The interior design is instantly recognizable. It is the well-known platform developed and manufactured by Channel Well. It is also used in the 1500W unit from Thermaltake (which will be discussed later in this review) as well as in 1000W and higher power supplies selling under several other brands.
The photo shows clearly the symmetric design of the PSU. You can divide it along the middle into two identical halves. These are actually two power supplies, each for 750W, within a common housing.
The sub-PSUs are only connected by the turn-on circuit because they are started up simultaneously. Each sub-PSU has an active PFC device (the PFC chokes can be seen between the heatsinks in the photo), PWM controller, power transformer, and output rectifiers. In other words, if you take the NRP-HC1501 apart and unsolder about half the components, it will work like a regular 750W power supply.

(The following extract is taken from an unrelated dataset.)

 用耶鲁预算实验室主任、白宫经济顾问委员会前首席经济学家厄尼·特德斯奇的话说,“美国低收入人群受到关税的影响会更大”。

The single important difference between the sub-PSUs is the selection of voltages they provide. One yields +12V and +5V while the other, +12V and +3.3V. The +5V and +3.3V voltages are generated by dedicated switching regulators mounted on small cards (one such card can be seen in the photo above). These are full-featured power sources with a PWM controller, choke, synchronous rectifier and smoothing capacitors. Each source lowers the input +12V voltage to the necessary level. Thus, the NRP-HC1501 implements dedicated voltage regulation.
The controllers of the main regulators of the sub-PSUs are located on small separate cards and based on Champion Micro CM6800G chips.
And there are two more cards (one for each sub-PSU) with a fan controller and overload & overvoltage protection. Since there is only one fan in the PSU, one card only controls the currents and voltages of its sub-PSU.
In fact, there is nothing extraordinary about the design of each of the sub-PSUs. Excepting the step-down regulators for +5V and +3.3V voltages, they are ordinary modern power supplies with active PFC. And the regulators are used to save space in the first place. The component density is high, and the more widespread design for providing +5V and +3.3V in mainstream and top-end power supplies – by means of saturated-core chokes – just would not fit into the housing. The regulators employed here are more complex and expensive but are implemented as a narrow card that can be easily installed at the side panel of the case.
So, it is the joining of two virtually independent power supplies within one housing that is the unique idea here. But I doubt it will ever be really popular among the manufacturers. This design is complex and expensive and the load must be distributed symmetrically between the sub-PSUs’ outputs in order to get the full output power from the PSU. Moreover, such a high wattage is not actually needed by modern computers.
There is one more card near the external vent grid. It carries the standby source which is shared by both sub-PSUs.
KY series capacitors from United Chemi-Con are installed at the PSU’s output. This company’s products enjoy good reputation, but the KY series has the highest ESR rating among all the series intended for switching power supplies. PSU makers usually prefer the KZE series which has lower ESR.